Перестрелку за стенами старались «не замечать». Бодрились, даже и 2-й герой-любовник. А Коваллини на третий день призналась антрепренёру:
— Михаил Абрамович, а ведь я не хотела участвовать в благотворительной лотерее, за которую вы меня так хвалили.
— Ничего удивительного: вы только отыграли заглавную роль в очень трудном спектакле — и прямо со сцены в фойе, где уже выставили киоск «В гостях у Каваллини». Чтобы снова удивлять, восхищать. Кому ж это понравится?!
— Думала, что умру, и страшно злилась про себя. А вам улыбалась — исключительно из страха впасть в немилость. Вы хоть знаете, что в труппе вас считают злопамятным, даже мстительным?

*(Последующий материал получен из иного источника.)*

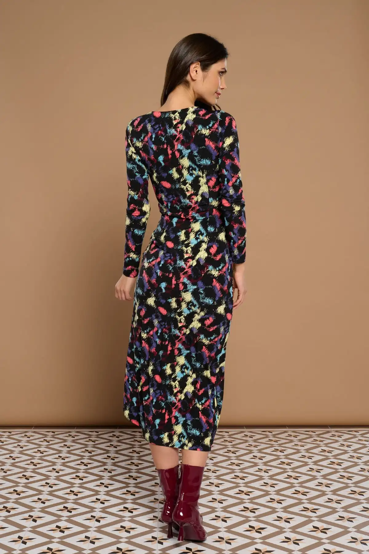 Midi φόρεμα με στρογγυλή λαιμόκοψη και μακριά μανίκια.

— Раньше я бы обиделся. Но теперь всё такие мелочи в сравнении с желанием жить...
— Я к тому говорю, что только теперь уяснила значение театральной благотворительной лотереи. Мы ведь много денег собрали в прошлый раз, и сможем переправить их в пансион для одиноких актёров, уже неспособных играть. А значит, и нас там примут любезно.

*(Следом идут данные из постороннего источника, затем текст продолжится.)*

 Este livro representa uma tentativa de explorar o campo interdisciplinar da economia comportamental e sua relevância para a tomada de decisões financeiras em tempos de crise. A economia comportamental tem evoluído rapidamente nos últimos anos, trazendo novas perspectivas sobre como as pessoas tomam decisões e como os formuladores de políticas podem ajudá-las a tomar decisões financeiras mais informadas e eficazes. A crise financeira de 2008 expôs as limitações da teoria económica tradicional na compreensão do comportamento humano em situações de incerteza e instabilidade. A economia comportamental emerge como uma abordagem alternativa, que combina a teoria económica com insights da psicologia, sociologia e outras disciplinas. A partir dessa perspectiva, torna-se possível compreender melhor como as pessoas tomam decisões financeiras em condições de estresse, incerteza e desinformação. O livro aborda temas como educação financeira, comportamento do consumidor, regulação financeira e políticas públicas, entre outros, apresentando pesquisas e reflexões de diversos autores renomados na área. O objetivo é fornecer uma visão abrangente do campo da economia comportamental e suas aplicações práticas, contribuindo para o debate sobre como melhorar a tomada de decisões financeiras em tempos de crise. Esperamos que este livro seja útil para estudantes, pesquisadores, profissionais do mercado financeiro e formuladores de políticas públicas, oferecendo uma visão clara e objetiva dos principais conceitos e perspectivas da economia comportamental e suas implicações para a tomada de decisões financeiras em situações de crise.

— Как-то рано вы нас списываете…
— Видите ли, мой папа военный врач, и я знаю, что только в художественных картинах персонажей ранят красиво — в руку или в ногу. А в настоящих госпиталях лежат люди с половинкою носа, одним глазом, снесённым подбородком. Им не то что на сцене играть, но и на улице желательно не показываться. И такими вот инвалидами мы «имеем шанс» стать в любую минуту.

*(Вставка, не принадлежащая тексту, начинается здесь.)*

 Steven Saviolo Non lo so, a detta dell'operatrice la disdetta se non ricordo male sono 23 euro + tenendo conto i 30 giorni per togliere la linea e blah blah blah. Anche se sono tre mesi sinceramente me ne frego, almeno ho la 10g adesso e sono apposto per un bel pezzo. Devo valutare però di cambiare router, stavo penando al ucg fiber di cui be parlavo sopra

Смоленский не нашёл, чем её утешить, и просто предложил всем разыграть одну сцену из новой пьесы.
…Миновали ещё три дня, и пятнадцатого декабря все проснулись от тишины: за стенами театра никто не стрелял. А к вечеру объявилась дочка истопника:
— Сосед наш, управский служащий, говорит, будто бы перемирие между юнкерами и красногвардейцами.
Антрепренёр сходил в разведку и вернулся воодушевлённый:
— Вокруг ужас, конечно, город просто растерзан, но театр — как Богом спасаемый островок, без единой царапины. Срочно готовим Рождественский репертуар! Пойду ещё посмотрю, какая из газет сохранилась, и дам объявление о спектаклях. Афиши тоже закажу — должна ведь уцелеть хоть одна типография! Крайний срок 24 декабря — открываем кассы. А сейчас всем репетировать, репетировать!
24 декабря кассы городского театра в самом деле открылись. Весь Рождественский репертуар был сыгран, и сыгран с блеском.